A strategy to overcome the short circuit.
Column by Francesco Grillo published on the Italian newspapers Il Messaggero, Il Mattino e Il Gazzettino

Can political leaders of weak national democracies strengthen a Europe that absolutely needs to respond to problems that threaten to overwhelm it? This is the most difficult contradiction that the debate on the reform of the European Union seems to avoid. And it is a contradiction made evident by the speed with which we managed to burn the last illusion: only last Friday we greeted the meeting in Kiev of the heads of government of the three main countries of the European Union, as the historic beginning of a re-foundation of the Union. The weekend was enough to remind him that even Macron, the one who should have been the most stable of leaders who must change Europe, does not even have the necessary consensus to form a parliamentary majority in his own country. Actually, the great difficulty with which the European Union has been dealing for decades is the reflection of a deeper crisis of the democracies in the states that are part of the Union. And it is this link between crisis that must be broken with a strategy that must find a concrete landing.
It was a powerful idea in terms of symbols, to find oneself discussing how to “re-found” the European Union by traveling towards the rubble of a country that pays for its desire to be part of it. It is encouraging that Draghi, Macron and Scholz have discovered, observing the consequences of the war from a window, that they have the same ideas on how to restore vigour to a project born precisely to prevent the repetition of those barbarities. And, however, the idea of a refoundation has to deal with two important problems that we do not yet know how to solve.
The first is that there is a contradiction between the idea of enlarging the EU and that of finally making it more cohesive. It is precisely from the most recent accession countries, precisely from those bordering Ukraine (Poland, Hungary), that the most difficult problems to solve for an EU that is forced to laborious negotiations at times when speed is important comes. The second weakness that, so far, any attempt at reform has had to pay for is that of relying on leadership which, even in the largest countries and which were founders of the Union, appear inexorably transitory: even if one wanted to rely on a pact between France , Germany and Italy, it could never be "iron" because it is very difficult for the heads of government of all three countries to have sufficient political stability at the same time. What are the solutions then?
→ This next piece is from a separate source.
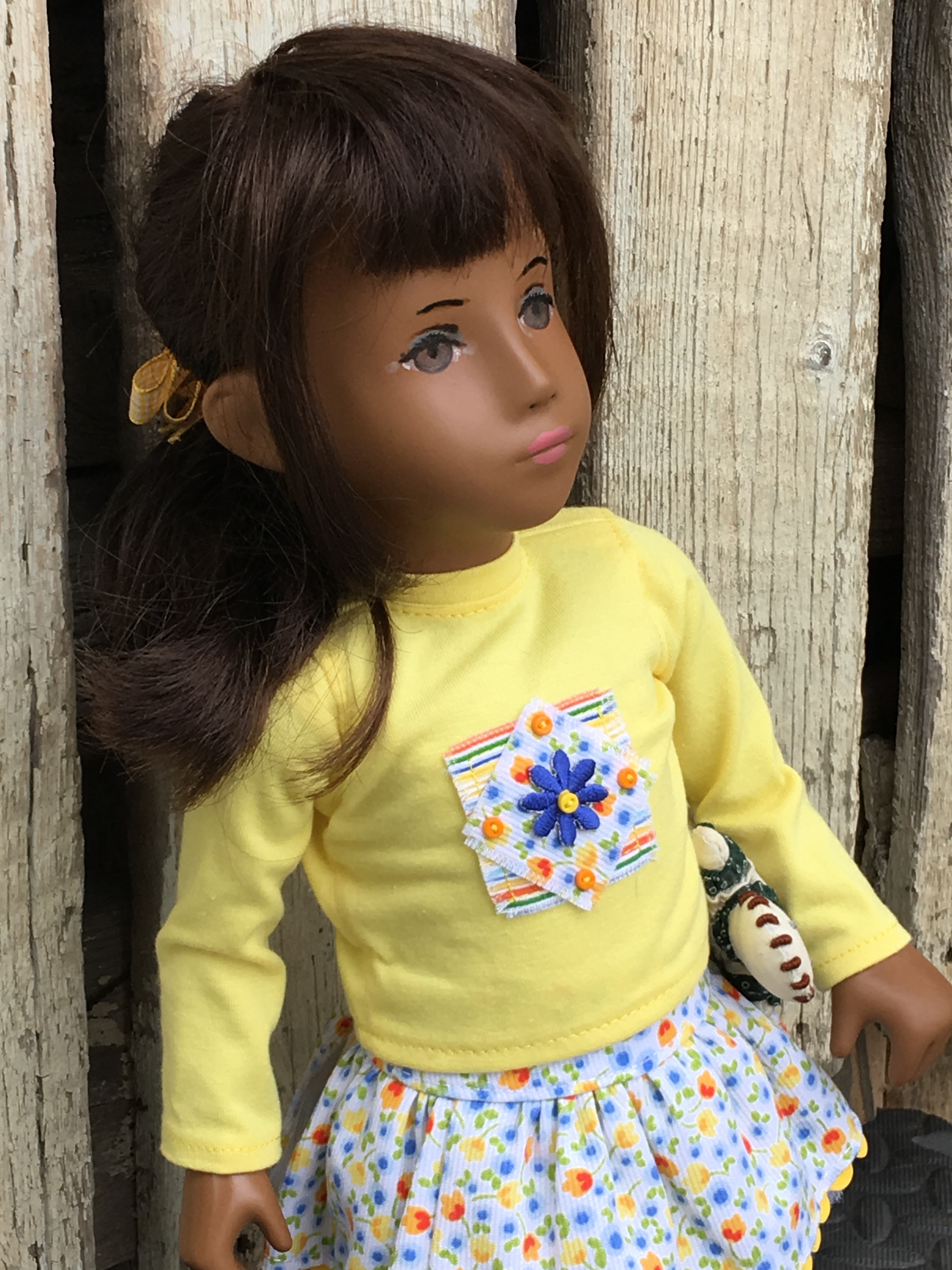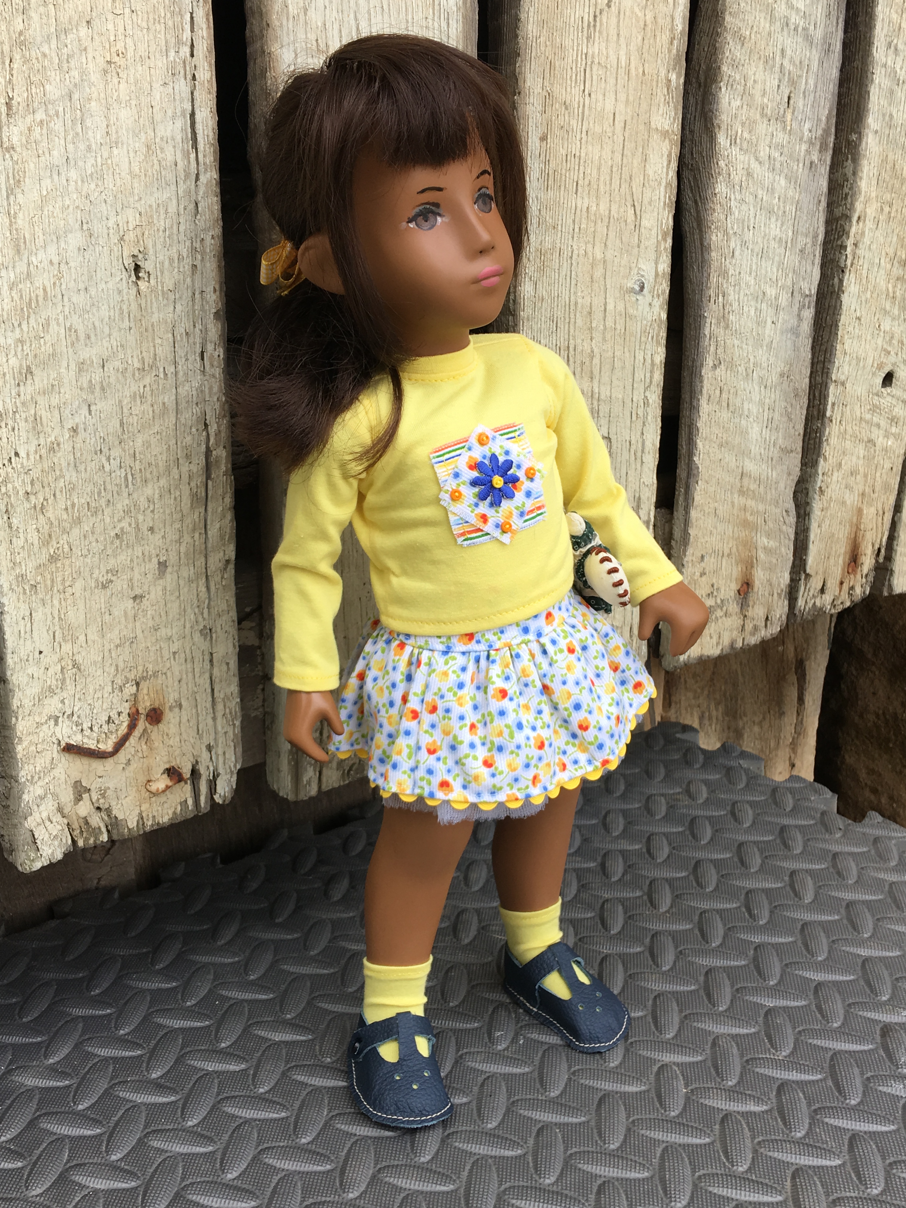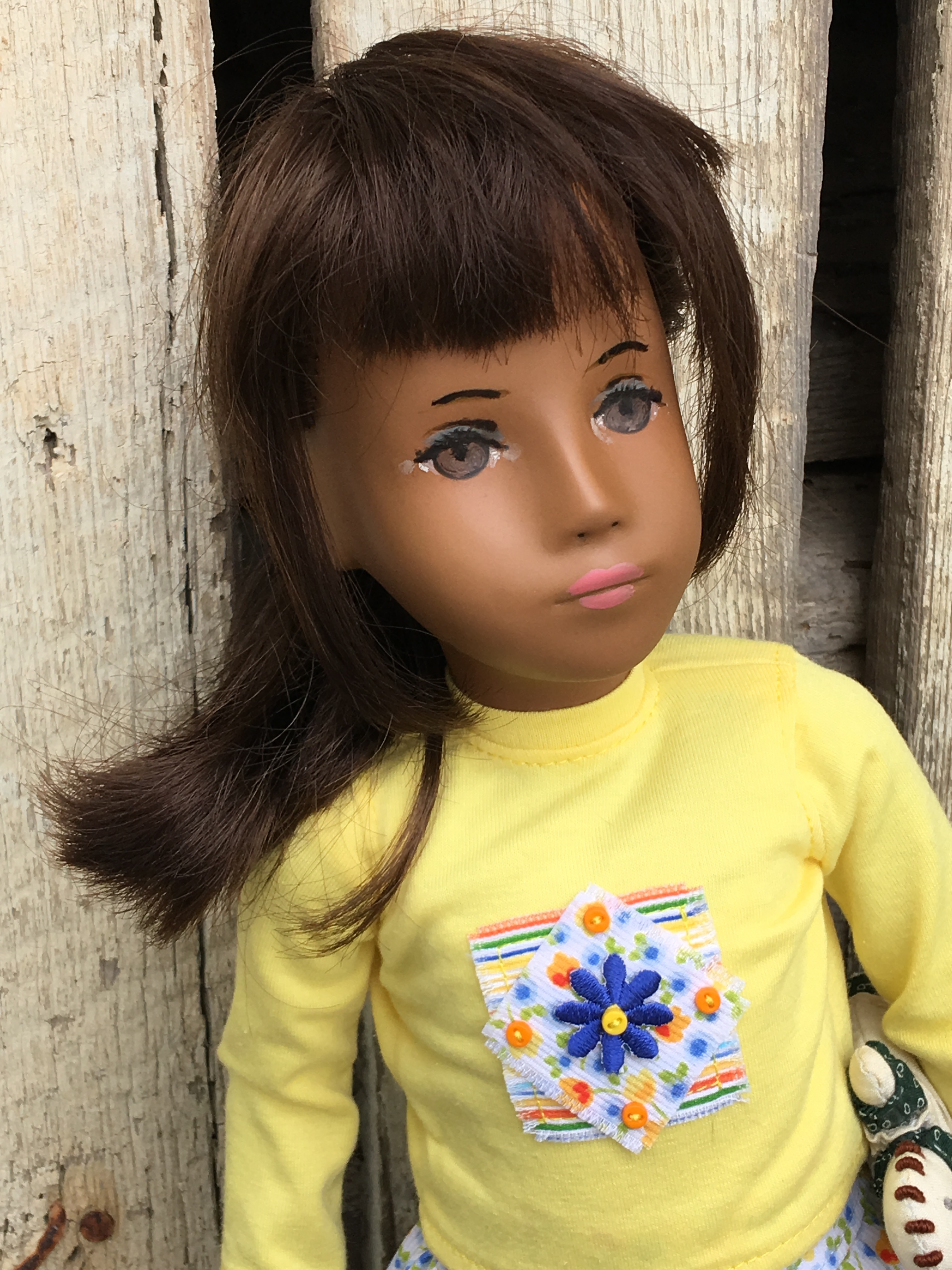 A sweet girl in her apron and sandals. You can see the rick rack trim on her undergarment that is typically seen on Sasha’s undergarments.
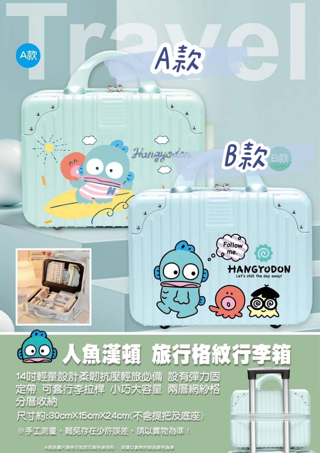 (正版授權) 醜魚漢頓隨身行李箱-14吋

For some time now, everyone - or almost everyone - has been calling for the abolition of unanimity to avoid the paradox of having to find themselves in the situation where it is necessary to buy the consent of those who slow down everyone else. And yet, it is necessary to go beyond vague statements and give substance to the principle.
The decisions that the European Council takes are already for 80% of cases taken by qualified majority, with a mechanism that provides that the consent of 55% of the States (15 out of 27) is sufficient and in such a way that they represent 65 % of the Union population. Unanimity applies to all matters relating to common defence and almost all those having to do with policy towards third states: it is on these issues that the Commission has most recently asked - for example when it comes to deliberating sanctions or to send humanitarian expeditions or to take common positions on human rights violations - to extend the method of qualified majority.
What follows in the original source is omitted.